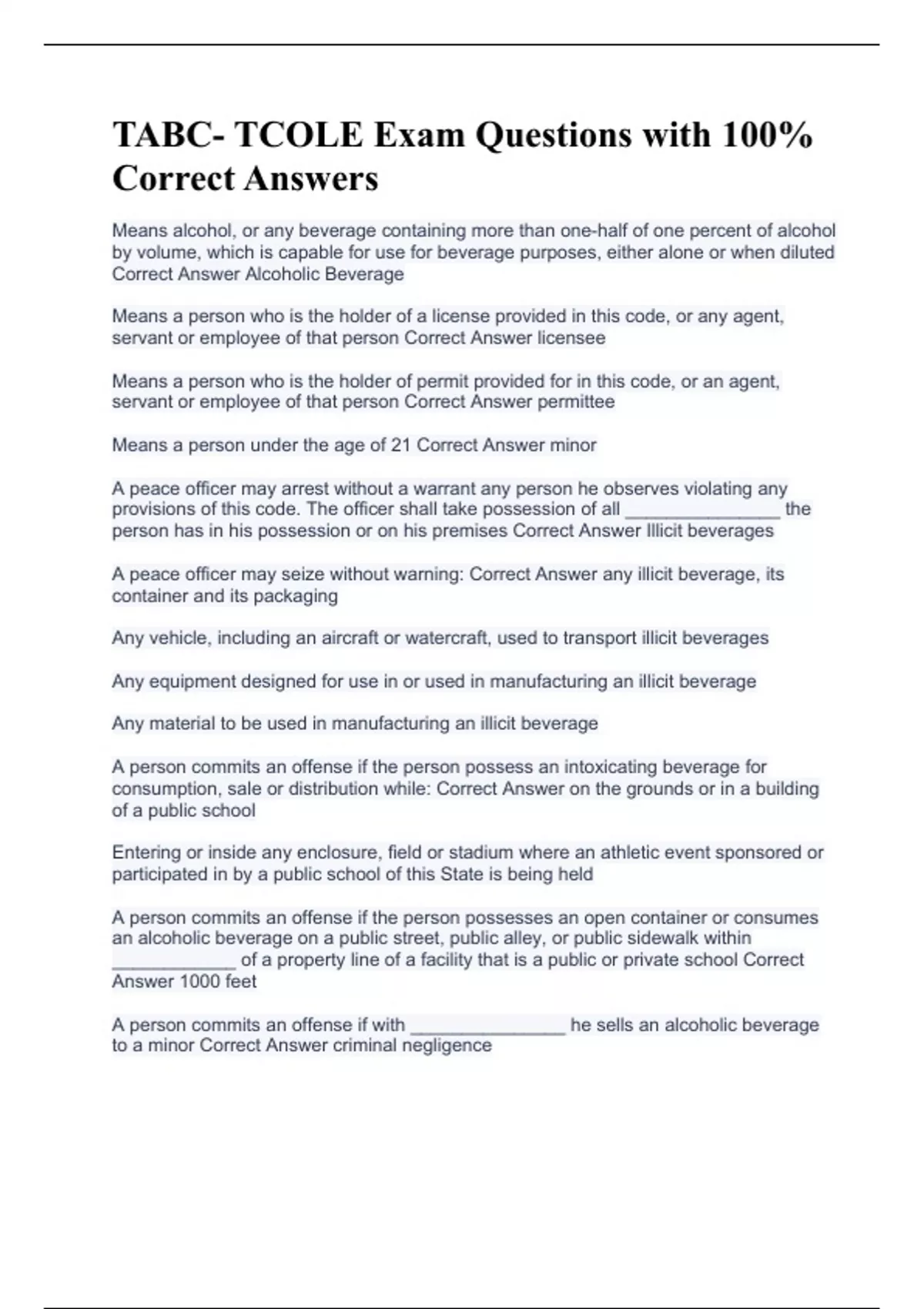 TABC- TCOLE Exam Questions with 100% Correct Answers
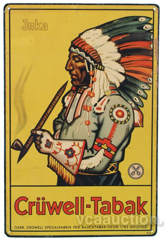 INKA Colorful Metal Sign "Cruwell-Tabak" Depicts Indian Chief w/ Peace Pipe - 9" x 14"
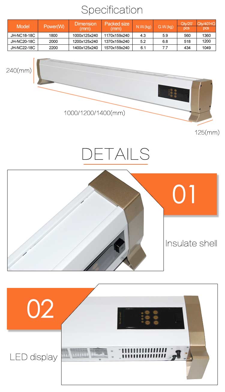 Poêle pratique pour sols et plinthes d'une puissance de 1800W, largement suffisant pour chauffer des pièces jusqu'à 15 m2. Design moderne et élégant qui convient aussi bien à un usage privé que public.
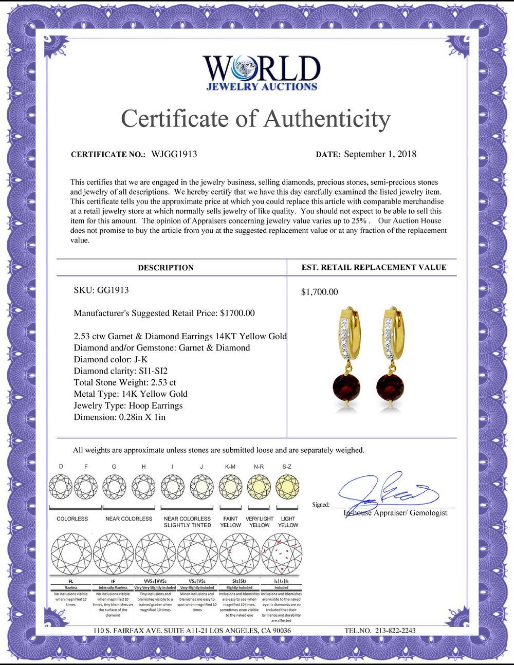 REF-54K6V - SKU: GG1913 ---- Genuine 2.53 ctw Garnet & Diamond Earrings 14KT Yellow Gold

====================

## Description of the task
Return the full listing above exactly as written, and omit the pictures.

## Reply
 TABC- TCOLE Exam Questions with 100% Correct Answers
 INKA Colorful Metal Sign "Cruwell-Tabak" Depicts Indian Chief w/ Peace Pipe - 9" x 14"
 Poêle pratique pour sols et plinthes d'une puissance de 1800W, largement suffisant pour chauffer des pièces jusqu'à 15 m2. Design moderne et élégant qui convient aussi bien à un usage privé que public.
 REF-54K6V - SKU: GG1913 ---- Genuine 2.53 ctw Garnet & Diamond Earrings 14KT Yellow Gold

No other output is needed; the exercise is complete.